Large number of advagg_aggregate rows (slow cron) [#2374077]

I currently have a client that has over 700k entries in the advagg_aggregation table. This causes the first query in advagg_remove_old_unused_aggregates() to take ~10 minutes to run. While browsing through the code it looks like it does a subselect and "group by" which causes all of the rows to be pulled (and in the case of the subselect, pulled multiple times). With a large table this query is taking me about 10 minutes to run due to the large number of rows.

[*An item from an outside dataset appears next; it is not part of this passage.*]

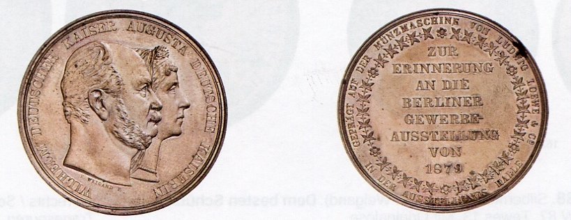 Der Besuch des Kaiserpaares Wilhelm I.und Augusta 1879 in der Berliner Maschinen- und Rüstungsfabrik Ludwig Loewe wurde durch eine Medaille dokumentiert.

I'd like review/feedback/suggestions about the attached patch. I've verified it has worked in my setup but I would appreciate someone else looking it over to make sure my shortened query isn't missing any use cases. The shortened query in the patch takes about 2 seconds to run on my setup.

Comment	File	Size	Author
#1	advagg-unused_aggregates-2374077-0.patch	986 bytes	Andrew M Riley
#1

Support from Acquia helps fund testing for Drupal Acquia logo

Comments

Comment #1

Andrew M Riley CreditAttribution: Andrew M Riley commented 12 November 2014 at 17:45

File	Size
advagg-unused_aggregates-2374077-0.patch	986 bytes

Comment #2

mikeytown2 CreditAttribution: mikeytown2 commented 12 November 2014 at 17:46

Status:

Active

» Needs review

Comment #3

DamienMcKenna

NH, USA

CreditAttribution: DamienMcKenna commented 12 November 2014 at 22:11

Issue tags:

+Performance

Comment #4

Andrew M Riley CreditAttribution: Andrew M Riley commented 26 November 2014 at 02:33

Status:

Needs review

» Closed (won't fix)

Looks like the 7.x-2.x branch has this now. Closing out

Comment #5

mikeytown2 CreditAttribution: mikeytown2 commented 28 November 2014 at 20:17

Status:

Closed (won't fix)

» Needs review

GroupBy is still in the latest dev
http://cgit.drupalcode.org/advagg/tree/advagg.cache.inc#n390

Comment #6

mikeytown2 CreditAttribution: mikeytown2 commented 4 December 2014 at 02:35

Status:

Needs review

» Closed (works as designed)

The patch removes the ability to find orphaned aggregate versions entries in the database. Swapping the tables around defeats the purpose of a LEFT OUTER JOIN in this situation http://www.khankennels.com/blog/index.php/archives/2007/04/20/getting-jo...

A left outer join combines the ideas behind a left join and an outer join. Basically – if you use a left outer join you will get the records in the left table that DO NOT have a match in the right table.

Query before the patch

SELECT aav.aggregate_filenames_hash AS aggregate_filenames_hash
FROM advagg_aggregates_versions AS aav
LEFT OUTER JOIN advagg_aggregates AS aa 
  ON aa.aggregate_filenames_hash=aav.aggregate_filenames_hash
WHERE aa.aggregate_filenames_hash IS NULL
GROUP BY aav.aggregate_filenames_hash

Query after the patch

SELECT aa.aggregate_filenames_hash AS aggregate_filenames_hash
FROM advagg_aggregates AS aa
LEFT OUTER JOIN advagg_aggregates_versions AS aav 
  ON aa.aggregate_filenames_hash = aav.aggregate_filenames_hash
WHERE aa.aggregate_filenames_hash IS NULL

Local testing shows it takes around 100ms to run the original query; something I'm ok with in a cron situation. What happens when you remove the group by in the original query; that is something I could consider doing.

Comment #7

Silicon.Valet CreditAttribution: Silicon.Valet commented 12 December 2014 at 19:35

There's a HUGE performance difference between 2.7 and what is in dev, I think that the original need was aimed at 2.7 as it contained a rather poorly performing subquery.

SELECT aa.aggregate_filenames_hash AS aggregate_filenames_hash
FROM 
advagg_aggregates aa
LEFT OUTER JOIN (SELECT aav.aggregate_filenames_hash AS aggregate_filenames_hash
FROM 
advagg_aggregates_versions aav) aav ON aa.aggregate_filenames_hash=aav.aggregate_filenames_hash
WHERE  (aav.aggregate_filenames_hash IS NULL ) 
GROUP BY aa.aggregate_filenames_hash;

The query in develop seems fine and takes about 340ms on average, so I'm satisfied with where it is there. I'll use dev until a stable release is available.